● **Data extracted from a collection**
BEGIN

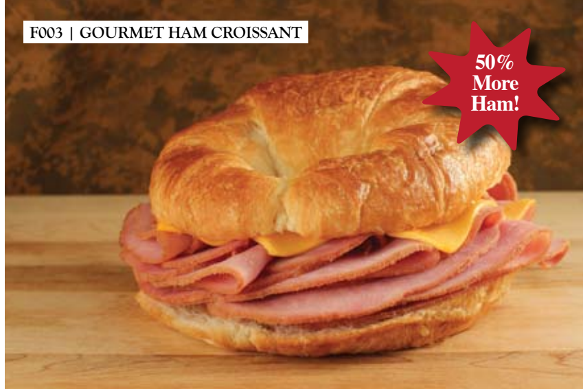
F003 | GOURMET HAM CROISSANT

Croissant de Jamon Freshly cut Premium Ham with American Cheese on our new freshly baked 8" croissant roll. 6 oz. each. $3.50
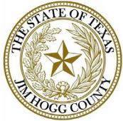
Jim Hogg County
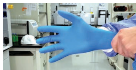
Step 3: Gloves

Step 2: Put on <USP> 800 Compliant Gown.
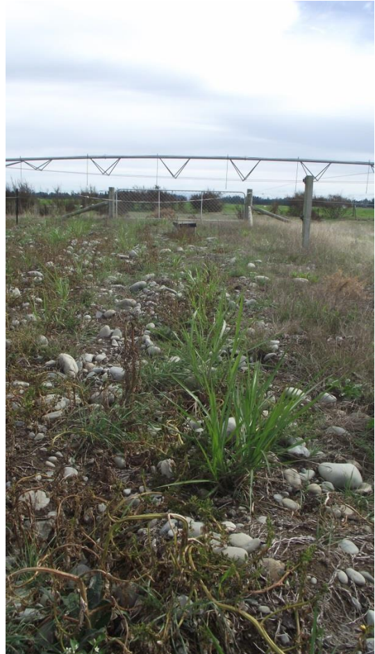
Fig.5: MxG plants at Karetu showing recent rapid growth.

The amount of new growth of the MxG plants at Karetu varies greatly as illustrated by figs. 4 and 5. Plants planted on November 27, 2013 have a higher number of plants exhibiting rapid re-growth compared to those planted on December 6, 2013. This indicates that planting earlier in the year would result in the majority of plants being able to survive summer drought conditions. What is surprising is that, even with planting so late, many plants have survived the drought especially considering the poor soil conditions found here. Fig. 6 shows the soil profile at the location of the MxG shelterbelt. This is typical of the Lismore soils found in this area which are characterised by very shallow deposits of silty loess covering a very stony substrate.
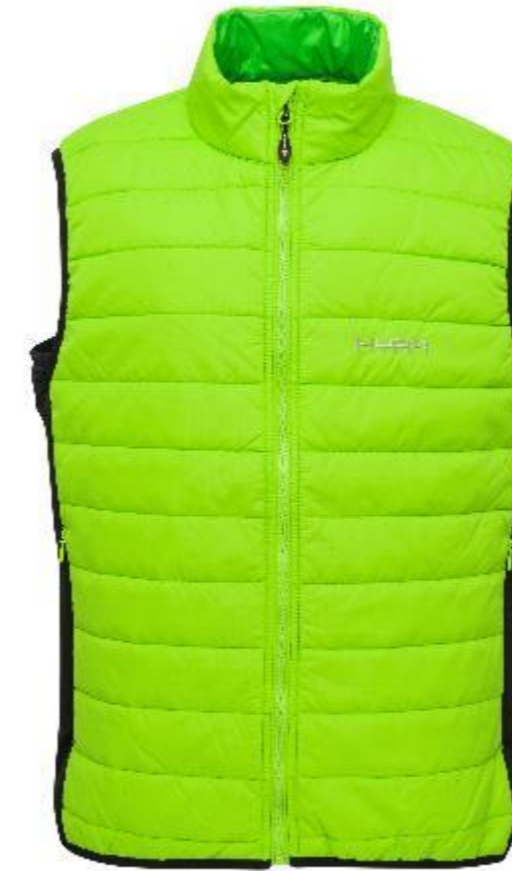
HJG2680 305-LIME GREEN

END

● **Work item**
Look through the entries, and return every line that the word "Step" appears in.

● **Written response**
Step 3: Gloves
Step 2: Put on <USP> 800 Compliant Gown.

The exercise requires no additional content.